** Task prompt **
Give back the full listing verbatim, apart from its images.

** Information provided **
--*--

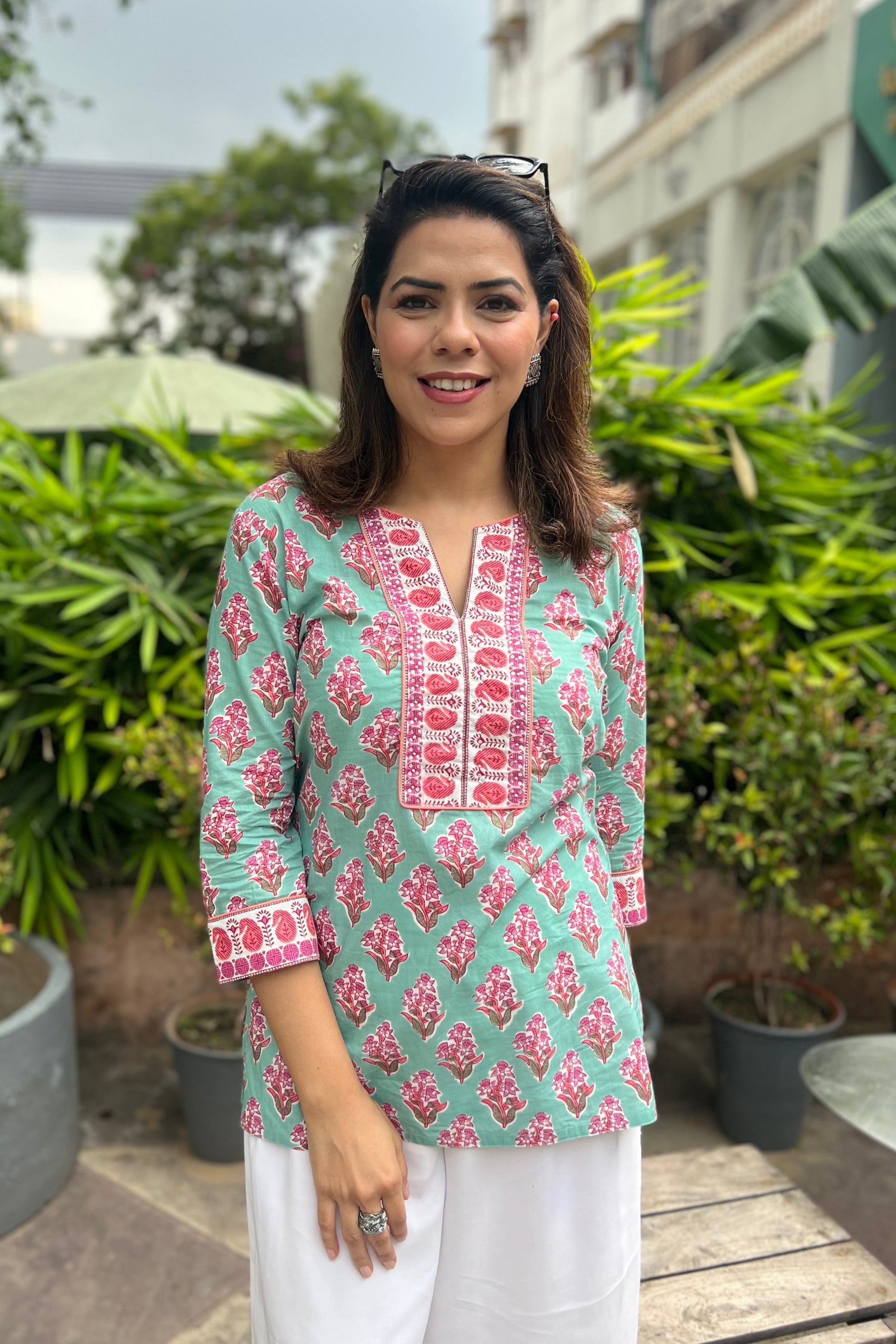 Printed Sequinned Pure Cotton Kurti
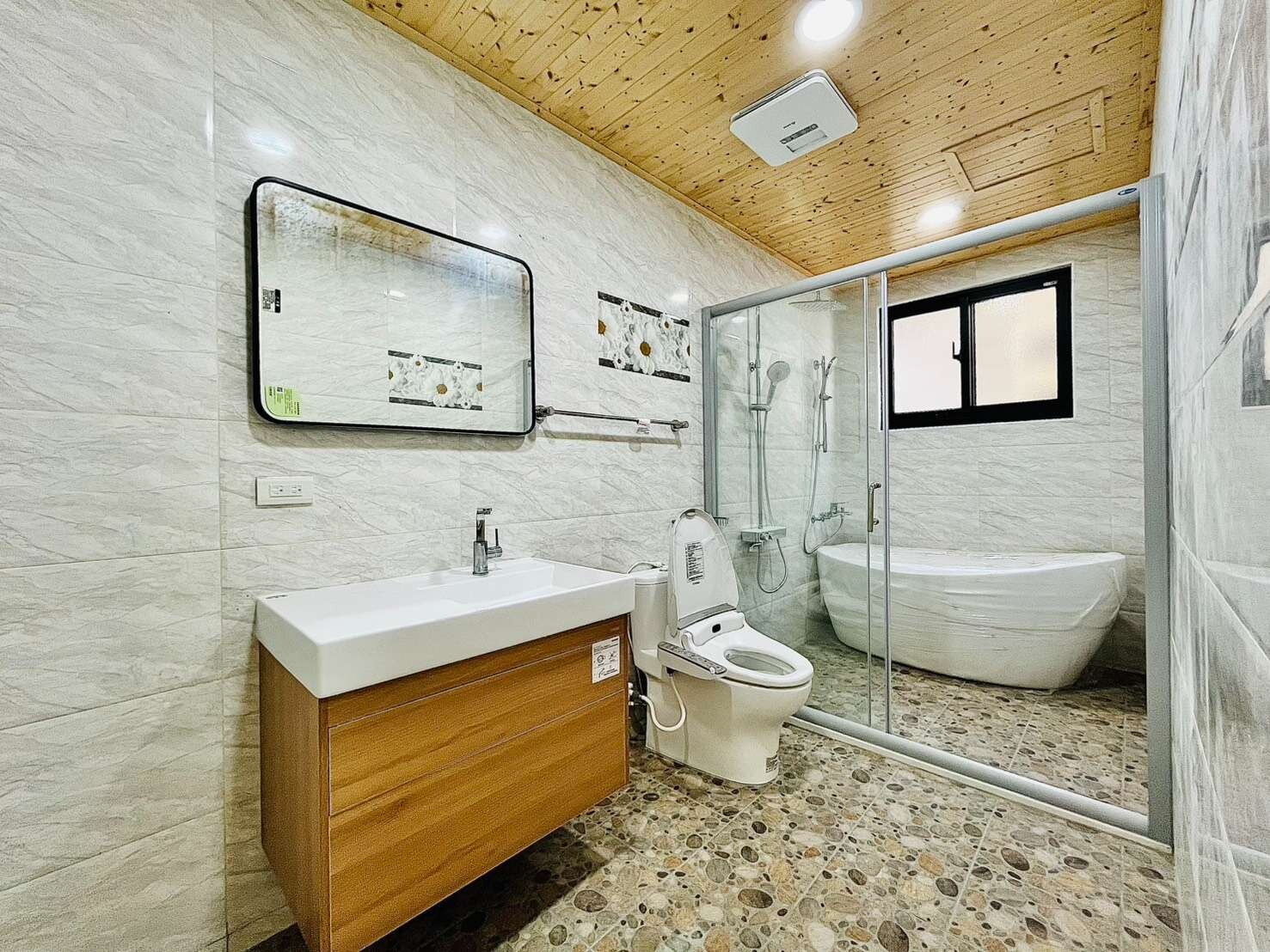 近舊社國小、大魯閣、湳雅商圈全新整理電梯別墅 新增電梯,全棟電線水管ヽ衛浴ヽ地板皆大翻新 3、4、5樓皆為增建 共6房3廳5衛 ,衛浴皆有開窗 設有車庫,以及孝親房 重金打造 近百坪空間
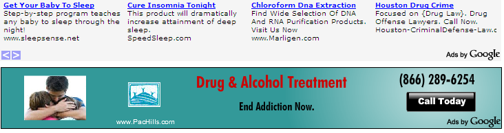 She clicked on one of the links whose page produced the following Google syndicated ads (note, I do not know where on the page these ads were located):

--*--

** Answer area **
 Printed Sequinned Pure Cotton Kurti
 近舊社國小、大魯閣、湳雅商圈全新整理電梯別墅 新增電梯,全棟電線水管ヽ衛浴ヽ地板皆大翻新 3、4、5樓皆為增建 共6房3廳5衛 ,衛浴皆有開窗 設有車庫,以及孝親房 重金打造 近百坪空間
 She clicked on one of the links whose page produced the following Google syndicated ads (note, I do not know where on the page these ads were located):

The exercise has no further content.